**Work item:**
Pictures aside, restate the records below exactly as written.
(Provided records begins)
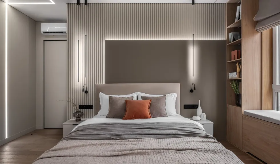 Интерьер спальни продолжает не только общую цветовую, но и световую концепцию. Геометрия пространства вновь очерчена световой линией, спускающейся с потолка на стену. Геометричность прослеживается и в других элементах пространства: стена у изголовья кровати отделана рейками, рельеф которых подчеркнут подсветкой.
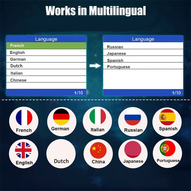 TĂBB NYELVư TĂMOGATĂS: 10 nyelvet tĂĄmogat: angol, nĂ©met, francia, spanyol, olasz, orosz, holland, kĂnai, japĂĄn Ă©s portugĂĄl â ideĂĄlis nemzetközi sofĆrök szĂĄmĂĄra.
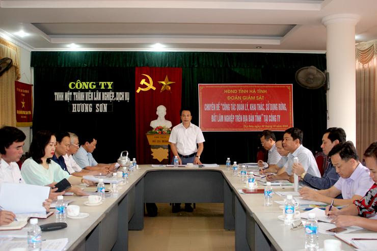 Tiếp tục chương trình giám sát chuyên đề của Hội đồng nhân dân (HĐND) tỉnh về “Công tác quản lý, khai thác, sử dụng rừng, đất lâm nghiệp trên địa bàn tỉnh”; sáng 23/10/2019, Đoàn giám sát đã làm việc với Công ty TNHH MTV Lâm nghiệp và dịch vụ Hương Sơn.
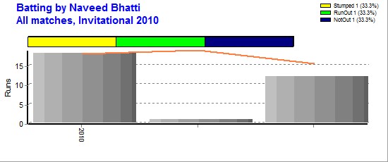 | Invitational 2010 | 3 | 3 | 1 | 31 | 18* | 15.50 | - | - | 9 | - | 76 | 1 | 76.00 | 1-38 | - | - | - | - | - |
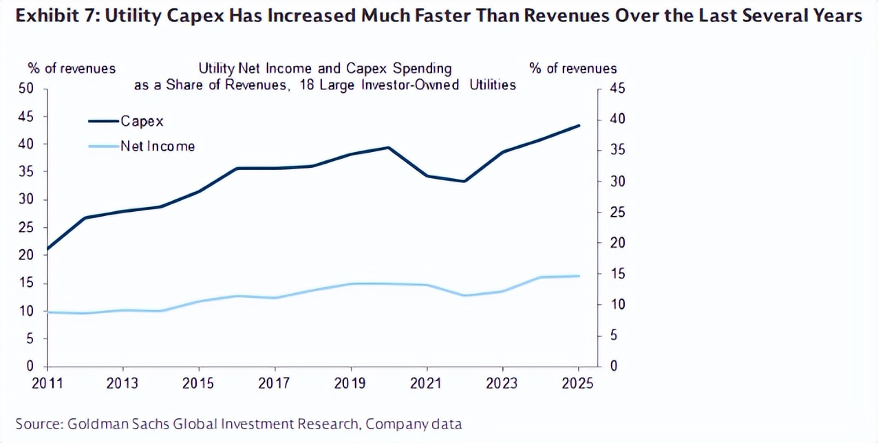 其次,高盛预计,由于上文所述的供需失衡,公用事业资本支出将大幅增加。由于公用事业公司通常从投资资产中获得预设的投资回报,而这通常通过提高电价来弥补(高盛将在下文进一步讨论),因此更高的资本支出可能会推高电价。
(Provided records ends)
**Result below:**
 Интерьер спальни продолжает не только общую цветовую, но и световую концепцию. Геометрия пространства вновь очерчена световой линией, спускающейся с потолка на стену. Геометричность прослеживается и в других элементах пространства: стена у изголовья кровати отделана рейками, рельеф которых подчеркнут подсветкой.
 TĂBB NYELVư TĂMOGATĂS: 10 nyelvet tĂĄmogat: angol, nĂ©met, francia, spanyol, olasz, orosz, holland, kĂnai, japĂĄn Ă©s portugĂĄl â ideĂĄlis nemzetközi sofĆrök szĂĄmĂĄra.
 Tiếp tục chương trình giám sát chuyên đề của Hội đồng nhân dân (HĐND) tỉnh về “Công tác quản lý, khai thác, sử dụng rừng, đất lâm nghiệp trên địa bàn tỉnh”; sáng 23/10/2019, Đoàn giám sát đã làm việc với Công ty TNHH MTV Lâm nghiệp và dịch vụ Hương Sơn.
 | Invitational 2010 | 3 | 3 | 1 | 31 | 18* | 15.50 | - | - | 9 | - | 76 | 1 | 76.00 | 1-38 | - | - | - | - | - |
 其次,高盛预计,由于上文所述的供需失衡,公用事业资本支出将大幅增加。由于公用事业公司通常从投资资产中获得预设的投资回报,而这通常通过提高电价来弥补(高盛将在下文进一步讨论),因此更高的资本支出可能会推高电价。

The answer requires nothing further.